Ce constat a été le même à chaque étape de notre parcours: en Bolivie avec l’extraction du lithium, au Chili avec la construction de barrages hydroélectriques qui exproprient…
Nous avions le choix entre continuer à faire ce type de voyage, ou bien nous impliquer dans des missions à impact positif. Tout en gardant bien en tête que notre choix de faire ce voyage et nos modes de vie font partie du problème global !
Hervé a donc commencé à travailler chez Patagonia et moi chez Lemon Tri (qui accompagne les entreprises dans le tri de leurs déchets, NDLR). Nous nous sommes rapidement mis à structurer un récit autour de notre voyage, et à l’illustrer pour le rendre aussi vivant et ludique que cette aventure, grâce au talent incroyable de notre amie Lisa. C’est devenu le livre ÁNIMO, paru en décembre 2020 dont nous assurons la distribution avec notre co-éditeur Atelier Esope. Un film a également été réalisé. La totalité des bénéfices seront reversés à trois projets qui, selon nous, incarnent les actions nécessaires pour remettre le monde en ordre d’ici les vingt prochaines années. Nous avons vu de nos propres yeux qu’il ne s’agit pas seulement d’opérer une transition ; c’est une véritable transformation qui est aujourd’hui nécessaire.
Nous avons déjà choisi les deux premiers. Nous allons tout d’abord soutenir Julien Moreau, un éco-aventurier (visiter www.julienmoreau.org, NDLR) qui dédie ses actions à accompagner les écoles dans la construction de leur discours et de leurs actions écologiques. L’éducation des jeunes générations est une mission cruciale que nous avons à cœur de soutenir.
Le second projet que nous soutiendrons est la Ferme du Bec Hellouin dans l’Eure. Pionniers en permaculture, il font renaître des sols et reforment progressivement le tissu local.
Nous lançons un appel à projet pour le troisième donc à bon entendeur..! L’idée est de poursuivre la chaîne de solidarité dont nous avons bénéficié durant notre parcours et de donner un coup de pouce à des projets qui, comme le nôtre, contribuent à faire bouger les lignes.
Hervé a gravé dans le marbre qu’il ne prendrait plus l’avion ; quant à moi, je limite aussi beaucoup mes voyages par ce moyen de transport.
Mon alimentation a considérablement changé, je ne mange presque plus de viande, je privilégie les aliments locaux et de saison, j’achète en vrac.

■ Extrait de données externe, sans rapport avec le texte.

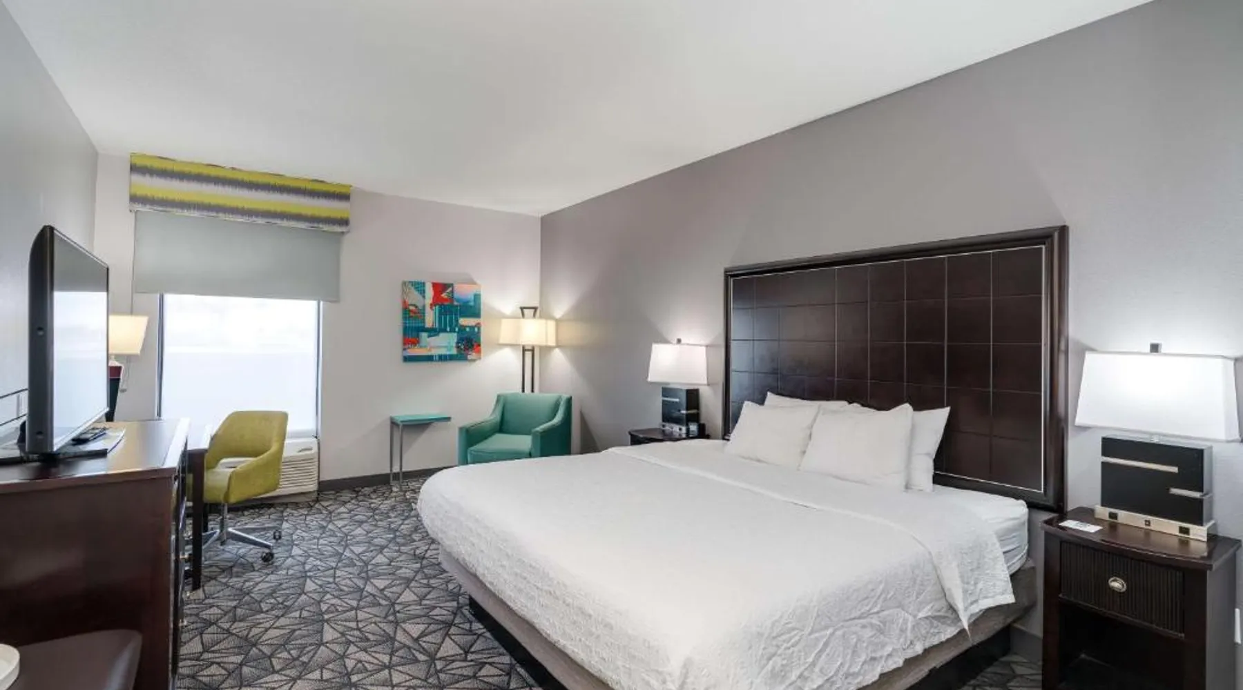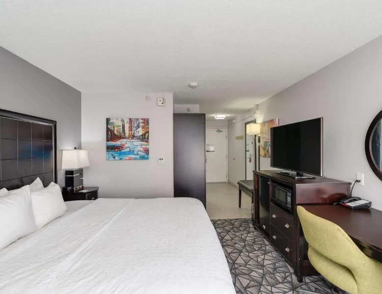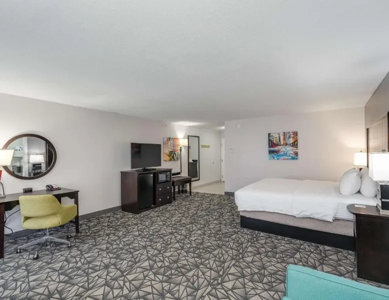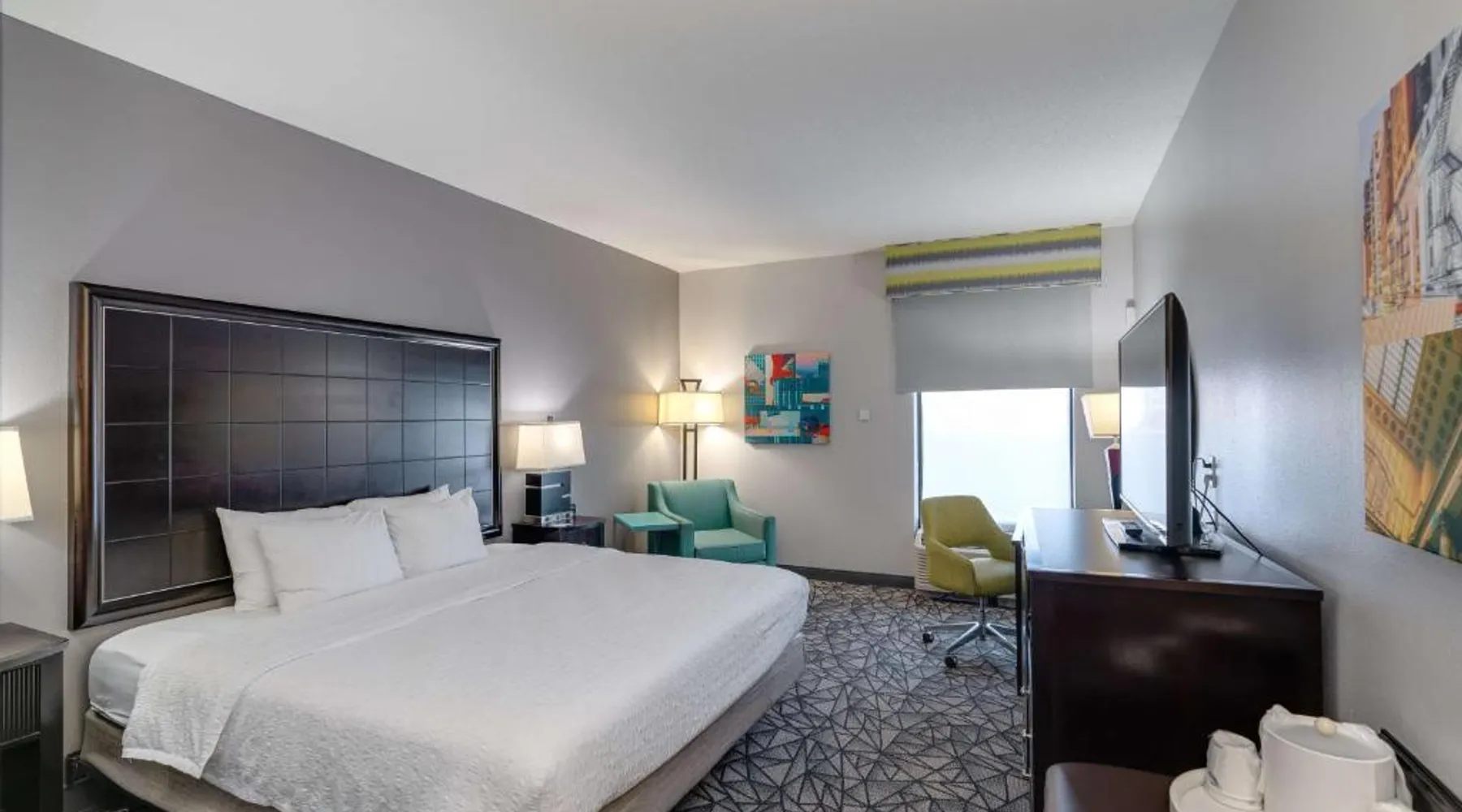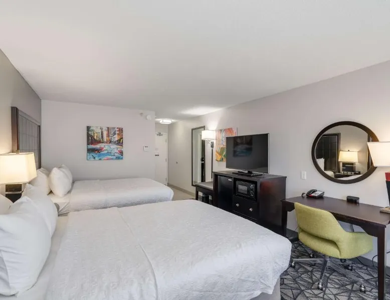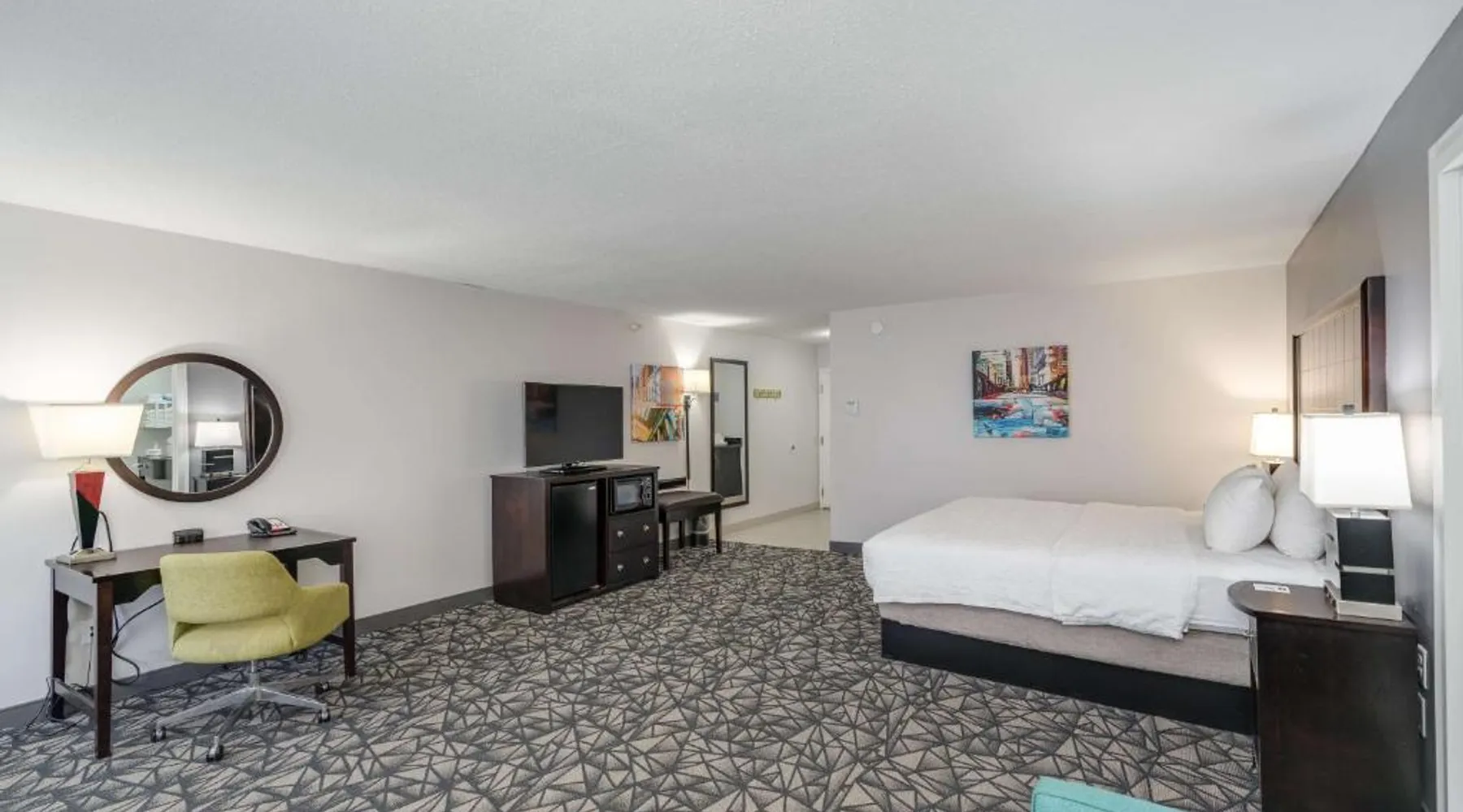 Comfortable Accommodations: Hampton Inn Bloomington West in Bloomington offers family rooms with free WiFi, ensuring a pleasant stay. Guests enjoy amenities such as a fitness room, elevator, 24-hour front desk, and free on-site parking. Leisure Facilities: The hotel features an indoor swimming pool and a relaxing hot tub. Additional amenities include a refrigerator, microwave, tea and coffee maker, hairdryer, sofa bed, shower, and TV. Convenient Location: Located 5.6 mi from Central Illinois Regional Airport, the hotel is near attractions like David Davis Mansion (3.7 mi), Milner Library (4.3 mi), and an ice-skating rink. Guests appreciate the bed comfort, room cleanliness, and attentive staff. This studio features a tea and coffee maker and a TV. The unit has 1 bed.

Je me déplace aussi en vélo (qui trône dans son appartement malgré les six étages sans ascenseur, NDLR).
Je n’ai jamais été un grand consommateur mais je suis attentif au fait de choisir des marques qui pensent le cycle de vie de leurs produits dans les moindres détails. C’est notamment le cas de 1083, Patagonia, Hopaal ou au Juste.

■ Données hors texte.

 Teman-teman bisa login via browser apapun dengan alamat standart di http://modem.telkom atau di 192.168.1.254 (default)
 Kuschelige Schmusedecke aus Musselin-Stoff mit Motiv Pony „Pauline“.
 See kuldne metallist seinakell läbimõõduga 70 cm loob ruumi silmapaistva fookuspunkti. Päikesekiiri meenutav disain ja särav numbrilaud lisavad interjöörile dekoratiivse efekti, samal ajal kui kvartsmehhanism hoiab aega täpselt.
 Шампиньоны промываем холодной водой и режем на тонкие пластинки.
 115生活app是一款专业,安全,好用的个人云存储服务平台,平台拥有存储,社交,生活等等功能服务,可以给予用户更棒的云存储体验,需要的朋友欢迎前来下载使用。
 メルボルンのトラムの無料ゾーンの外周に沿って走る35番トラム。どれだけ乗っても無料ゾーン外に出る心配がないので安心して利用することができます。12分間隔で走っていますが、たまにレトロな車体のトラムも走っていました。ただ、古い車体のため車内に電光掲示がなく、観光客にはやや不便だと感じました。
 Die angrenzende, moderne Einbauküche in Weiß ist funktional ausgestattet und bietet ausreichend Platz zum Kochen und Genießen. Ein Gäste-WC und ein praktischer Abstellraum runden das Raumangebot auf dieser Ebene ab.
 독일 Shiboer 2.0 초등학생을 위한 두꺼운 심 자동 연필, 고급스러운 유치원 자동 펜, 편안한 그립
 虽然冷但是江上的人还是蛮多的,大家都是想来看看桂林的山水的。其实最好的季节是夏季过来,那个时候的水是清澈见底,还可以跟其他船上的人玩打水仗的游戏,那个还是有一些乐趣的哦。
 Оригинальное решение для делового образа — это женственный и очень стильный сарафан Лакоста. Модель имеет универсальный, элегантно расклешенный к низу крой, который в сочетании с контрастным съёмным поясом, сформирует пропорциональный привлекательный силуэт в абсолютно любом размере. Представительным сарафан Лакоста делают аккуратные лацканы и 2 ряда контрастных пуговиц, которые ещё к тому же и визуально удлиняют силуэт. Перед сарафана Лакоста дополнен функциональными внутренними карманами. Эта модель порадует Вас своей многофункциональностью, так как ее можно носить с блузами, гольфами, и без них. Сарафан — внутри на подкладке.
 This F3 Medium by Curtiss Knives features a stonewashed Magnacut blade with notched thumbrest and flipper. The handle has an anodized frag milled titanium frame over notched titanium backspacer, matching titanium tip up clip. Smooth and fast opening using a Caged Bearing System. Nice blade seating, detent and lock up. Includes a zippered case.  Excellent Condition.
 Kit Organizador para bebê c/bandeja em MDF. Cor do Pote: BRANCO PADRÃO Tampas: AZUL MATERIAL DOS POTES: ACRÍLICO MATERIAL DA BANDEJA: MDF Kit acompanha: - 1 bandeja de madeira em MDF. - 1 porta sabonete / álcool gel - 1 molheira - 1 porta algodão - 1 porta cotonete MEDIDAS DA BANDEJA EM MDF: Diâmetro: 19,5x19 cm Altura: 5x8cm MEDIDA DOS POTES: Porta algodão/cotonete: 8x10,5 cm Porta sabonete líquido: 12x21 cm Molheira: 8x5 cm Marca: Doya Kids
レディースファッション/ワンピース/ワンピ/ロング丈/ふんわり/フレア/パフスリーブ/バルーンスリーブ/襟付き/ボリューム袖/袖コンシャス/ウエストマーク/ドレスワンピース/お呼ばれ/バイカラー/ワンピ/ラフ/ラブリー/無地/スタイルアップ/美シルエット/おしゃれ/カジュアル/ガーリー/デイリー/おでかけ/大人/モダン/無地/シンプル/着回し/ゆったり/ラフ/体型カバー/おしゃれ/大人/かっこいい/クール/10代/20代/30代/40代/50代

Mon fournisseur d’électricité est Enercoop qui est un coopérative énergétique à laquelle on peut être sociétaire.
Enfin, je ramène mon compost au bureau où l’on a plusieurs lombricomposteurs. D’ailleurs, selon sa ville ou son arrondissement, il est possible de trouver des jardins partagés, des points de compost ou de se faire financer un composteur.
Au-delà de tout cela, je ne suis pas du tout un exemple parfait, pleins d’autres gestes peuvent être faits, le piège étant de ne pas remplacer la mode polluante par une mode alternative responsable à trop forte dose : si j’achète quinze jeans 1083 et dix sneakers durables, c’est inutile…

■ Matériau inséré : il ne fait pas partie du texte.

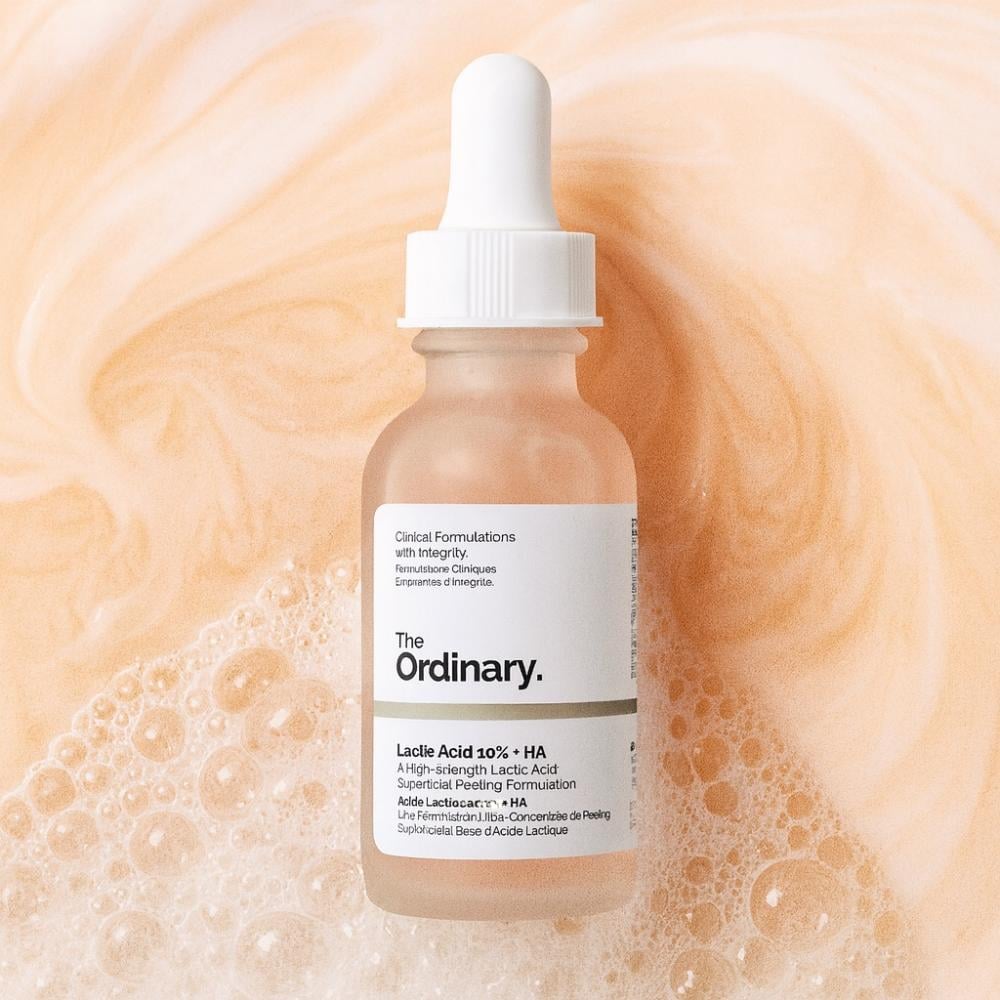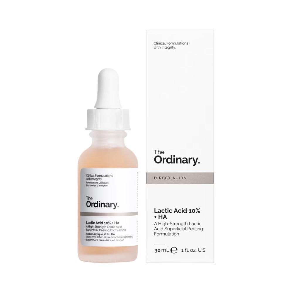 ذا اوردينيري حمض اللاكتيك 10٪ + حمض الهيالورونيك، تركيبة مميزة تقشر الطبقة السطحية من الجلد بلطف، وتكشف لك عن بشرة ناعمة، نضرة، ومتوهجة بدون تهيّج أو جفاف.
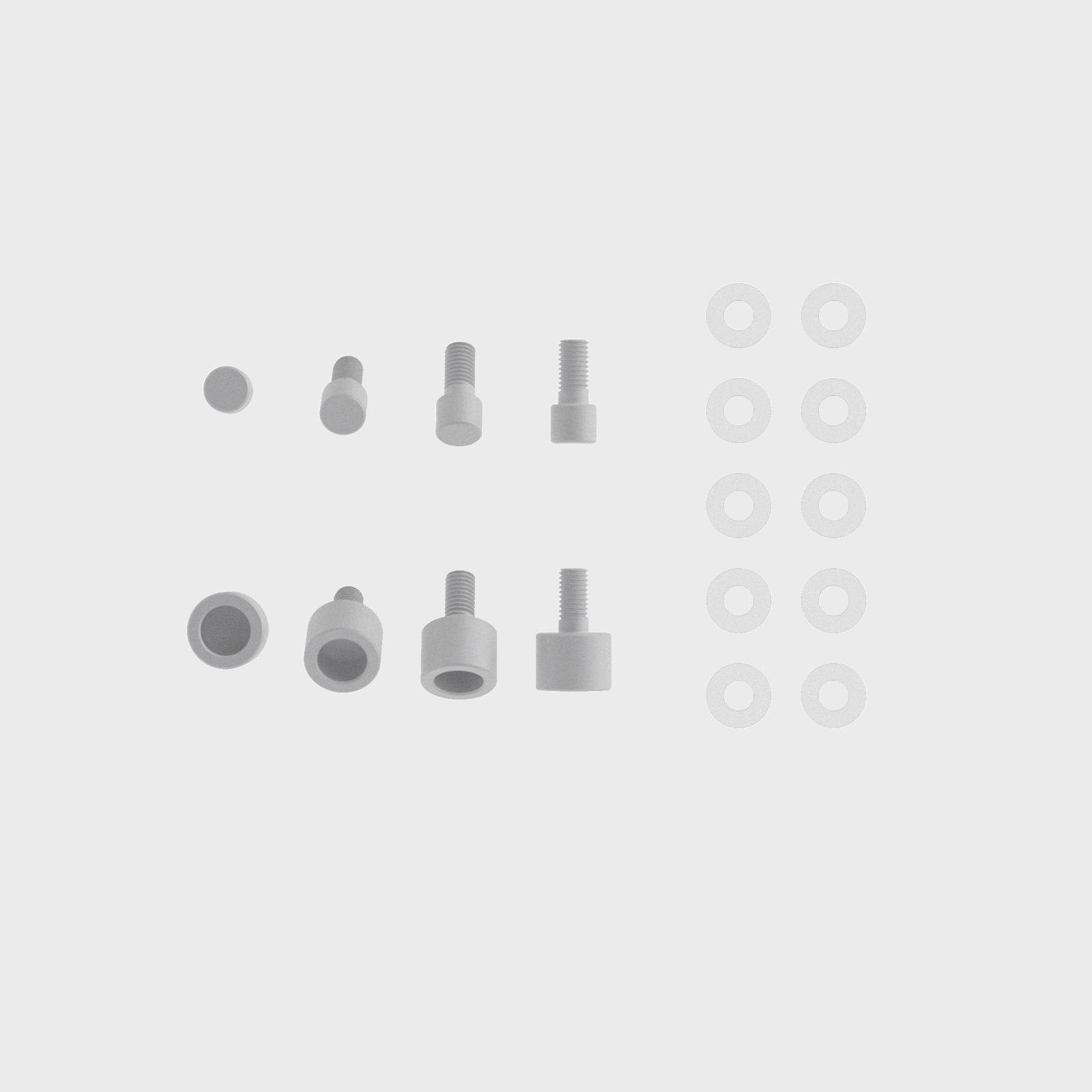 - 헤드볼트 x4, 풋볼트 x4, 고무와셔 x10개로 구성된 세트입니다.
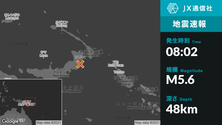 | 震源地 | パプアニューギニアのKokopoから南79kmの地点 |

« Il faut maintenant agir, retrouver la notion de collectif et reprendre la voix dans l’espace public quel qu’il soit »
Quand nous sommes partis avec Hervé, nous n’étions pas des experts de la marche et pourtant nous l’avons fait. De la même façon, il n’est pas nécessaire d’être un expert en écologie pour faire, se lancer, mieux manger, moins consommer.
Nous pensons que le temps de l’information, de la documentation, de l’intellectualisation est terminé. Il faut maintenant agir, retrouver la notion de collectif et reprendre la voix dans l’espace public quel qu’il soit. Il faut de l’imagination pour se réinventer, du courage pour se lancer, et de l’entraide pour avancer.
Définitivement les déchets qui sont jetés par terre, c’est quelque chose qu’on ne peut plus se permettre.